* **WORK ITEM**: Reproduce, word for word, all of the records; the pictures stay out.

- Opening Delimiter -

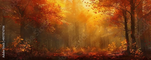 Naklejka premium Enchanting Autumn Forest Scene with Falling Leaves
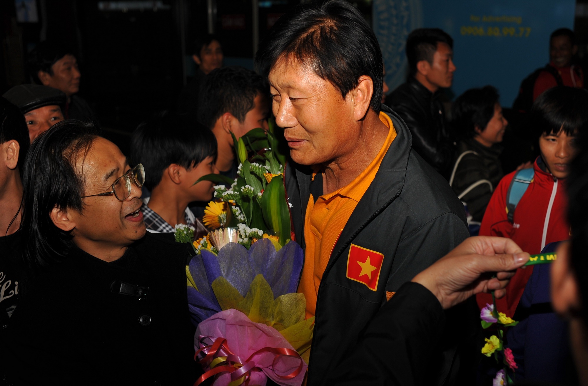 | Lãnh đạo VFF gồm Phó chủ tịch Nguyễn Lân Trung, Tổng thư ký Ngô Lê Bằng cũng có mặt tại sân bay đón và động viên thành tích của thầy trò HLV Trần Vân Phát. |
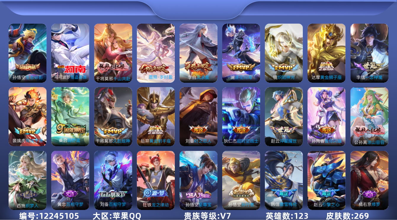 [12245105]V7 1典藏 1珍品传说 15传说 123英雄 269皮肤 可修改实名 优质装备:全息碎影(猴子典藏),怪盗基德,黄金狮子座,黄金射手座,久胜战神,炽阳神光,一念神魔,时之恋人-刘备(电焊工),淬星耀世,超时空战士-狄仁杰,音你闪耀(rap皮),澜逐花归海,千山共赴,涂山容容 传说皮:祥瑞亨通 珍宝阁皮:胡桃夹子,万物之道 限定皮:愿照·岁时盈(虞姬年限),逐霄战戟,鸣野蒿,至尊宝,凤求凰(白切鸡),傲雪梅枪,五谷丰年,李小龙,孙行者,引擎之心 史诗皮:星界战将,龙之律动,茶境仙,怒海争锋,破空之剑,蔬乡物语(鲁班七号),百相守梦-百里守约,星界特工,百相守梦-黄忠,织梦人,紫霞仙子,苍穹之光,黄金分割率,特工魅影,千年之狐,江河有灵,高渐离燃音魔法,蒙恬荣光圣徽,冰冠公主,青蛇,电玩·爆裂旋风,百相守梦(刘备),猫狗日记-孙策,乱世虎臣,节奏热浪,修罗,水果甜心,天才门将,星夜王子,心灵骇客,德古拉伯爵,暗隐猎兽者,幽灵船长,鬼剑武藏,暗渊魔法,天秀·启明,地狱岩魂,缤纷独角兽,乘风破浪,逐浪之夏,水晶猎龙者,曙光守护者,箭羽风息,金属风暴,原初追逐者,圣诞狂欢,圣诞恋歌,鹰眼统帅,魅力维加斯,黎明之约,未来纪元-赵云
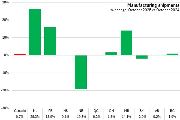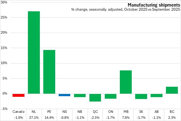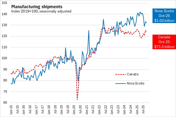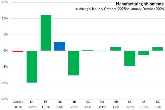 Nova Scotia's manufacturing shipments increased by 2.8% compared to the same period in 2024. National shipments decreased 0.3%. Five provinces reported increases, led by Prince Edward Island. Five provinces led by Newfoundland and Labrador reported declines.
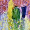 The painting "Three Colors" is not just a still life, but also an expression of emotions and feelings through the play of color. The central place is occupied by a tall yellow vessel, which stands out brightly against a pink background. There is a green vase nearby, which adds freshness and life to the composition. A blue glass completes the composition, creating a contrast with the rest of the elements. All objects are placed on the table, which adds depth and volume to the image.
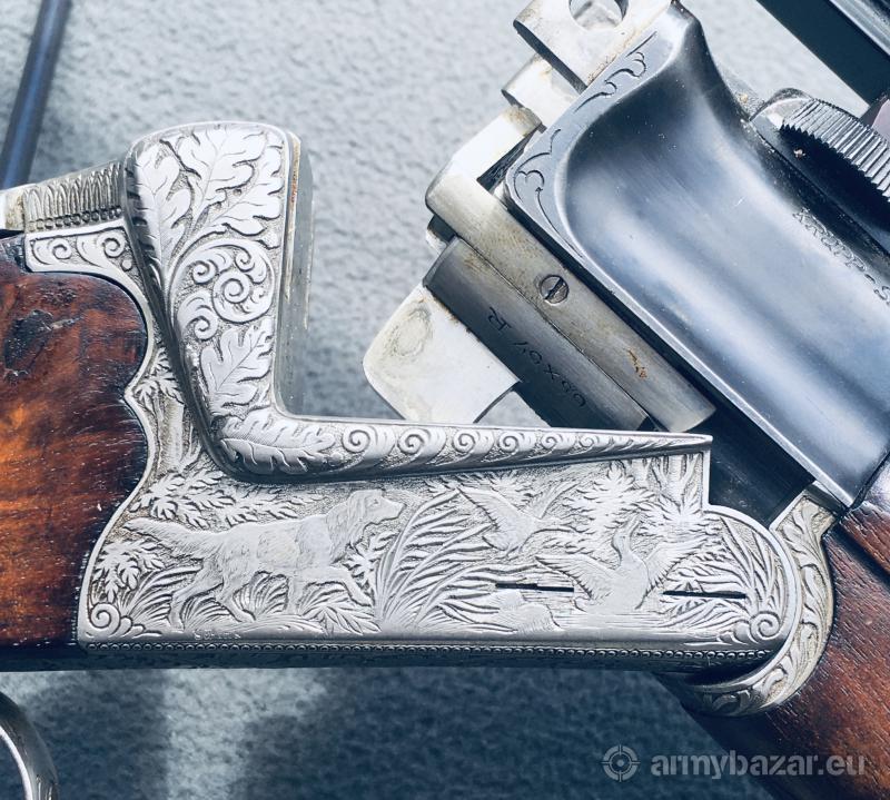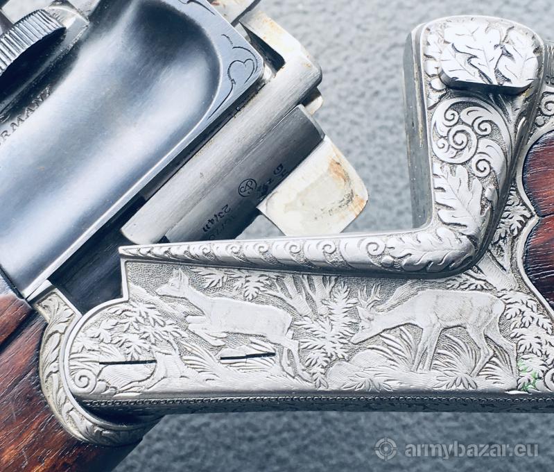Popis: • Predám klasickú nemeckú gulobrokovú kozlicu Sauer&Sohn model 54 s krásnym loveckým gravírom - pozri foto • kaliber 6,5x57R/16 • Lahká, elegantná a štíhla puška je bohato rytá zo všetkých strán. Zvierací motív lemovaný dubovými listami • Hlavne sú úplne čisté, drážky hlboké a ostré • Žiadna vôľa v zámkoch, hlavne patentne dosadajú • Gulabrok je vo výbornom stave • Pažba je z orechovice s peknou kresbou - upozorňujem na drobnú prasklinu. Nie je spôsobená pádom ale linoiu kresby dreva • Gulobrok má napináčik na gulovej spúšti • Klasická poctivá nemecká variabilná optika Zeiss 1,5-6x42, montáž tesná • Puška je ľahká a vhodná na pohodlné a dlhé nosenie 0903 84 83 82
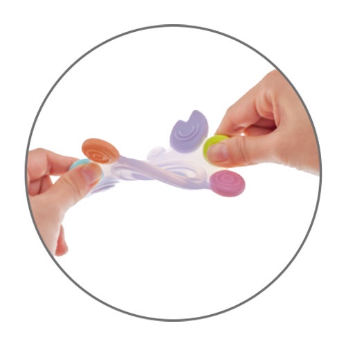 • Desain pijat gelembung • Melatih oklusi oral, koordinasi • Bahan silikon food grade • Meningkatkan perkembangan visual • Berbentuk unik sehingga teether ini dapat mencapai bagian belakang mulut bayi dengan mudah • Desain pegangan yang ringan dan melengkung memudahkan bayi untuk memegangnya • Teether akan membantu merangsang indra dan keterampilan motorik halus bayi • Mencengkeram, menggigit, dan bermain dengan set membantu bayi merangsang latihan otak • Mendukung koordinasi otot
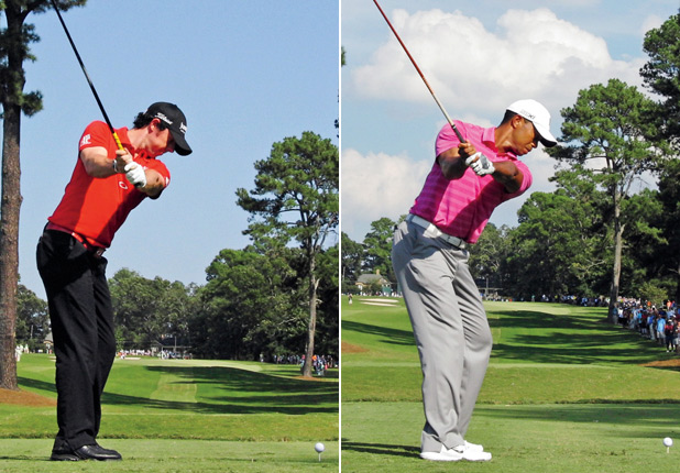 老虎的挥杆更陡直。麦克罗伊的杆身和他的右前臂相匹配,这被看做是标准姿势。

- Closing Delimiter -

* **RESPONSE**:
 Naklejka premium Enchanting Autumn Forest Scene with Falling Leaves
 | Lãnh đạo VFF gồm Phó chủ tịch Nguyễn Lân Trung, Tổng thư ký Ngô Lê Bằng cũng có mặt tại sân bay đón và động viên thành tích của thầy trò HLV Trần Vân Phát. |
 [12245105]V7 1典藏 1珍品传说 15传说 123英雄 269皮肤 可修改实名 优质装备:全息碎影(猴子典藏),怪盗基德,黄金狮子座,黄金射手座,久胜战神,炽阳神光,一念神魔,时之恋人-刘备(电焊工),淬星耀世,超时空战士-狄仁杰,音你闪耀(rap皮),澜逐花归海,千山共赴,涂山容容 传说皮:祥瑞亨通 珍宝阁皮:胡桃夹子,万物之道 限定皮:愿照·岁时盈(虞姬年限),逐霄战戟,鸣野蒿,至尊宝,凤求凰(白切鸡),傲雪梅枪,五谷丰年,李小龙,孙行者,引擎之心 史诗皮:星界战将,龙之律动,茶境仙,怒海争锋,破空之剑,蔬乡物语(鲁班七号),百相守梦-百里守约,星界特工,百相守梦-黄忠,织梦人,紫霞仙子,苍穹之光,黄金分割率,特工魅影,千年之狐,江河有灵,高渐离燃音魔法,蒙恬荣光圣徽,冰冠公主,青蛇,电玩·爆裂旋风,百相守梦(刘备),猫狗日记-孙策,乱世虎臣,节奏热浪,修罗,水果甜心,天才门将,星夜王子,心灵骇客,德古拉伯爵,暗隐猎兽者,幽灵船长,鬼剑武藏,暗渊魔法,天秀·启明,地狱岩魂,缤纷独角兽,乘风破浪,逐浪之夏,水晶猎龙者,曙光守护者,箭羽风息,金属风暴,原初追逐者,圣诞狂欢,圣诞恋歌,鹰眼统帅,魅力维加斯,黎明之约,未来纪元-赵云
 Nova Scotia's manufacturing shipments increased by 2.8% compared to the same period in 2024. National shipments decreased 0.3%. Five provinces reported increases, led by Prince Edward Island. Five provinces led by Newfoundland and Labrador reported declines.
 The painting "Three Colors" is not just a still life, but also an expression of emotions and feelings through the play of color. The central place is occupied by a tall yellow vessel, which stands out brightly against a pink background. There is a green vase nearby, which adds freshness and life to the composition. A blue glass completes the composition, creating a contrast with the rest of the elements. All objects are placed on the table, which adds depth and volume to the image.
Popis: • Predám klasickú nemeckú gulobrokovú kozlicu Sauer&Sohn model 54 s krásnym loveckým gravírom - pozri foto • kaliber 6,5x57R/16 • Lahká, elegantná a štíhla puška je bohato rytá zo všetkých strán. Zvierací motív lemovaný dubovými listami • Hlavne sú úplne čisté, drážky hlboké a ostré • Žiadna vôľa v zámkoch, hlavne patentne dosadajú • Gulabrok je vo výbornom stave • Pažba je z orechovice s peknou kresbou - upozorňujem na drobnú prasklinu. Nie je spôsobená pádom ale linoiu kresby dreva • Gulobrok má napináčik na gulovej spúšti • Klasická poctivá nemecká variabilná optika Zeiss 1,5-6x42, montáž tesná • Puška je ľahká a vhodná na pohodlné a dlhé nosenie 0903 84 83 82
 • Desain pijat gelembung • Melatih oklusi oral, koordinasi • Bahan silikon food grade • Meningkatkan perkembangan visual • Berbentuk unik sehingga teether ini dapat mencapai bagian belakang mulut bayi dengan mudah • Desain pegangan yang ringan dan melengkung memudahkan bayi untuk memegangnya • Teether akan membantu merangsang indra dan keterampilan motorik halus bayi • Mencengkeram, menggigit, dan bermain dengan set membantu bayi merangsang latihan otak • Mendukung koordinasi otot
 老虎的挥杆更陡直。麦克罗伊的杆身和他的右前臂相匹配,这被看做是标准姿势。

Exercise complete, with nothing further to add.